Thinking about going there now with lights, maybe I'll find some flatties in the first but 
No gig though


----------



## Crusader (Jul 11, 2015)

Night census of first gut:
Walked about a mile of surf with headlights. Low incoming tides, first gut, around midnight, about knee-deep.
Saw:
- hundreds of ladyfish (btw their eyes glow with same color as alligator's  )
- 15 stingrays
- 1 needlefish
- 1 small pompano (or some jack)
- 2 hardheads
- 0 flounders
- 0 trout
- no shad/mullet were noticed


----------



## Crusader (Jul 11, 2015)

Finally... Drove to fort Morgan before sunset and found my trout (15") here: http://goo.gl/maps/u9srz

Incoming tide, strong current, stained water
Also, snagged some palm-sized fish i never saw before. It had peculiar mouth


----------



## Crusader (Jul 11, 2015)

Status update:
- tried a stretch of the beach by perdido pass in the morning. Nothing but sharks -- saw about 20 of them, all about 2'
- tried pompano jigs in afternoon -- ladyfish and some tropical fish that looks like a small jack (definitely not pompano). TONs of jellyfish carried by current ripping parallel to shore, had to get out of water after being stung through clothes 30 times. ?
- windalert suggests that surf will be hard to fish next two days -- this is all I have

Might try reaching Dixie bar tomorrow. Don't think it is a good idea with this wind and current, though...


----------



## Crusader (Jul 11, 2015)

Huh... Who seeks will always find! Checked same stretch of beach today -- stumbled upon a pod of reds herding baitfish in first gut on outgoing tide. Sightcased them, got a limit of lower slot reds 
Also, got ambushed by school of palm-sized fish that looked like a cross between tuna and mackerel. Got one before they sped away. Have no idea what they are, but similarity to tuna is uncanny.


----------



## Crusader (Jul 11, 2015)

Got few spanish mackerels at fort Morgan poibt today. Outgoing tide created such strong current that I doubt you could catch anything else.

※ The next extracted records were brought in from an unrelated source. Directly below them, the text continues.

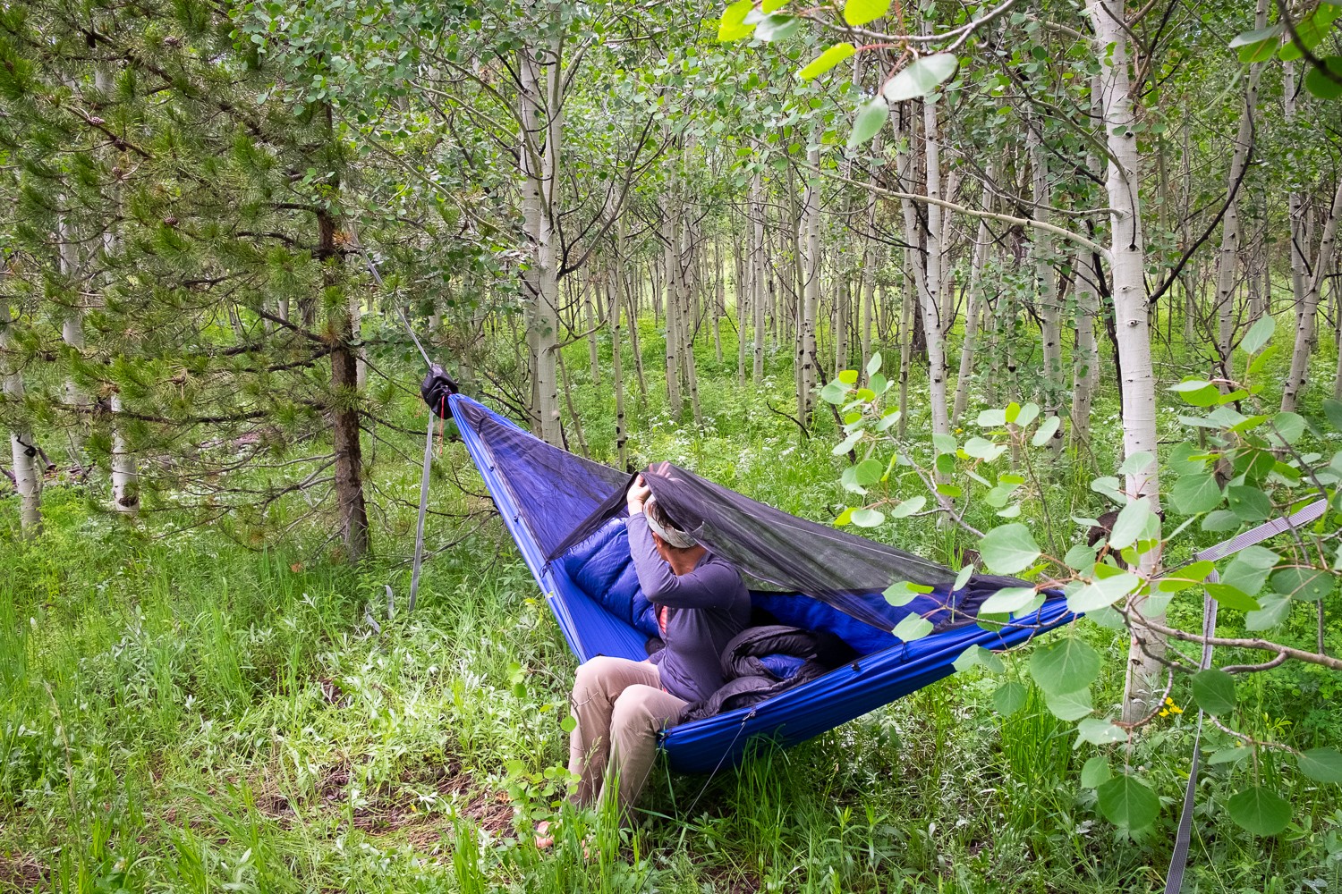 If you don't have an underquilt, a double layer hammock like the Dutchware Chameleon is the next best thing, keeping your insulation where you need it.   Credit: Elizabeth Paashaus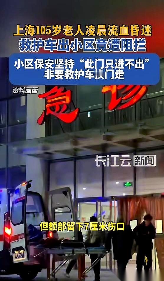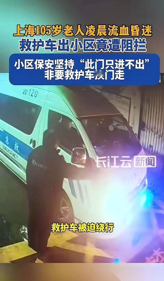 我跟你讲,有时候最让人后背发凉的,不是什么大事,就是一个小人物,握着一丁点儿权力,然后脑子死机了的样子。 上海,凌晨两点,下着雨。一辆救护车,顶灯转得跟催命符似的,里面躺着个105岁的老太太,刚摔倒,头上7厘米的口子,昏迷,流着血。 车开到小区东门,最近的路,结果被保安拦下了。 为啥? “规定,东门只进不出。” 就这几个字,一根塑料栏杆,把一条人命给堵死了五分钟。 整整五分钟啊。 急救医生在车里喊,家属在雨里都快跪下了,那个保安,就跟个设定好程序的机器人一样,不为所动。 我真的没法想象家属当时的心情。看着救护车那个红蓝的灯光打在保安那张无动于衷的脸上,雨水混着泪水,那是一种怎样的绝望? 最后没办法,救护车在窄路上,一点一点倒车,调头,绕远路。 事后物业怎么说? 更逗了。说下雨天,遥控器受潮,失灵了。电脑也死机了。 你猜我信吗?记者去试了,好使得很。 退一万步讲,就算全坏了,那根杆子是金刚石做的?一个大活人,手动抬一下,或者干脆掰了它,不就是几秒钟的事? 说白了,坏的不是遥控器,是人心。 是那种“多一事不如少一事”、“万一担责任怎么办”的彻底冷漠。 幸好,老太太命大,抢救过来了。 但这件事,比悲剧本身更让人心寒。 它告诉你,有时候挡住生命通道的,不是天灾,而是一个恪守“规定”的傻子。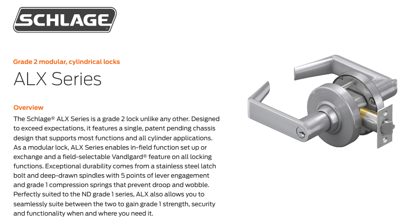 The Schlage® ALX Series is a grade 2 lock unlike any other. Designed to exceed expectations, it features a single, patent pending chassis design that supports most functions and all cylinder applications. As a modular lock, ALX Series enables in-field function set-up or exchange plus a field-selectable Vandlgard® feature on all locking functions. Exceptional durability comes from a stainless steel latchbolt, deep-drawn spindles with 5-points of lever engagement and the use of grade 1 compression springs that prevent droop and wobble. Perfectly suited to the ND Series grade 1 locks, ALX allows you to seamlessly suite between the two to gain grade 1 strength, security and functionality when and where you need it right alongside ALX as a budget saving grade 2 solution elsewhere in the building.

My time here is over, gonna drive home tomorrow. Will probably check surf tomorrow morning before leaving.

Unfortunately all guides referred to me were booked. Next year I'll plan ahead better.

Alas, flounder is not in the surf right now -- I am pretty sure  And pompano escaped my reach too. Still, these were few nice days of fishing and relaxing. Now back to slaving for the man!


----------